Jono split his attention between the two sets of adversaries, weighing his options. She watched him move with eyes that were no longer blue but a discomforting iridescent green. As he watched, her blonde hair lost its luster, the pale color disappearing into oily black strands that grew and grew until they tangled around her rapidly growing body.

Her glamour melted away, leaving behind something bitter, ugly, and unkind.

A spindly torso replaced her curves, rising up from a fat spider’s body covered in bristly hair. Eight spider legs extended outward from the bulbous arachnid body while human hands clawed at the wooden counter. Standing as tall as he was, with dark gray skin that faded to black spider legs, the only bit of brightness on it was its eyes.

Its hair moved on its own accord, lifting and sliding all around its body. Jono ducked when a heavy lock of hair cut through where he’d been standing, slamming through liquor bottles on a shelf behind him. Alcohol and glass shards exploded around him, drenching Jono in rum and vodka.
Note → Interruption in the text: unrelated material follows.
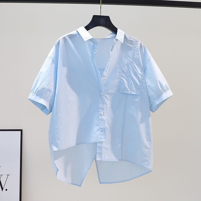 Cotton Simple Summer Thin Short-Sleeved Shirt Women 2025 New Fashion Loose Long Pocket Cardigan Shirt HZ1208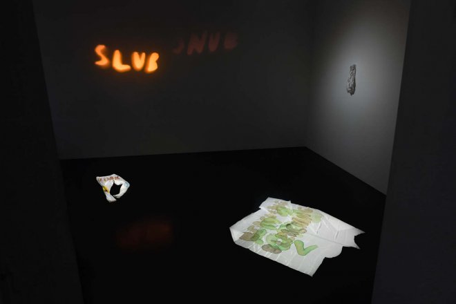 – Jeg krysser også mye mellom dem. Jeg bruker ofte samme tekstmateriale som utgangspunkt i flere verk, performance, maleri, kostyme, lydverk eller lysverk. Materialet og utgangspunktet for mange prosjekter er ofte situasjoner, ord, setninger som fester seg i hjernen og blir som et ekko i hodet. Det kan for eksempel være en overhørt samtale eller en rar e-post.

More of its hair lashed out at the other werecreatures in the bar. Theodore missed being stabbed through the chest by vaulting over the bar to duck behind the work area where Jono was. Trapped between the two, Jono focused on the more immediate threat.

“You have something of ours,” the fae hissed, its hair a writhing, living thing around its body. “You smell like it.”

“Fuck off,” Jono said as he reached up and slammed his hand against the edge of the bar—right over the command trigger. “And get thefuckout.”

The intent was all in the feeling and directed at the threat. The magic burned his hand, but Jono didn’t pull away. When he was younger, he would have, but being with Patrick had taught him that magic wasn’t always bad.

The protective wards flared around the bar, the walls burning with them. The fae shrieked with fury, lifting two front legs and slamming their hooked ends into the wooden counter, as if that would keep it from being tossed out.

Tempest was a public space; no threshold encircled it. The magic embedded in its walls filled the space, focusing on the threat Jono wanted dealt with first. A noise Jono felt more than heard filled the air, and the fae was lifted off the floor and carried out of the bar by magical means. The door crumpled when it hit, breaking apart from the weight of the fae.